Entre la cruauté des troupeaux sociaux et celle des mots avec et contre lesquels il se bat constamment, Jason Taylor se pose en unique artisan de sa propre dignité. Entre son attrait pour les balades et les forêts et des rencontres déterminantes avec quelques grandes personnes vraiment « grandes », il fait l’épreuve de la bêtise du monde et tâche de s’en écarter.
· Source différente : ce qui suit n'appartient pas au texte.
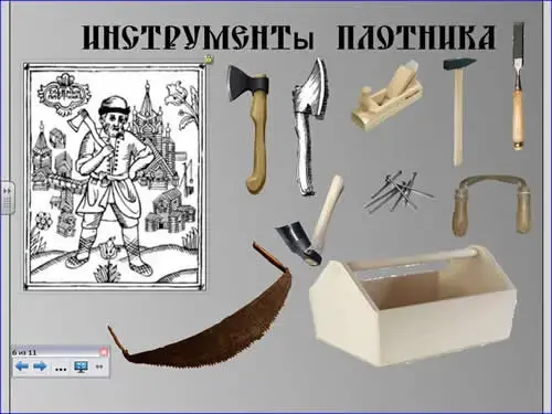 (Работа на ИД. Вызывается к доске желающий ученик, он передвигает в специальное место нужные плотнику инструменты и называет их, если знает).

Et, même une fois le livre refermé, on continue de l’aimer, ce petit poète balbutiant. On se prend à espérer le croiser un jour (il doit bien frôler la quarantaine aujourd’hui). Oui, même plusieurs jours après avoir mis un terme à la lecture de son récit, on est encore inspiré par sa droiture exemplaire.

Aussi pour tous les rejetés des cours de récré, pour tous les troublés du langage, tous les génies raillés, tous les « pestiférés », les sensibles-à-tout incapables de « je-m’en-fichage » – pour tous ceux-là, merci Jason Taylor. Merci David Mitchell. Et merci les éditions de l’Olivier pour avoir eu, une fois de plus, le flair et l’intelligence de publier le roman immense d’un écrivain appelé à devenir l’un de ceux qu’on lira encore et encore bien après notre mort.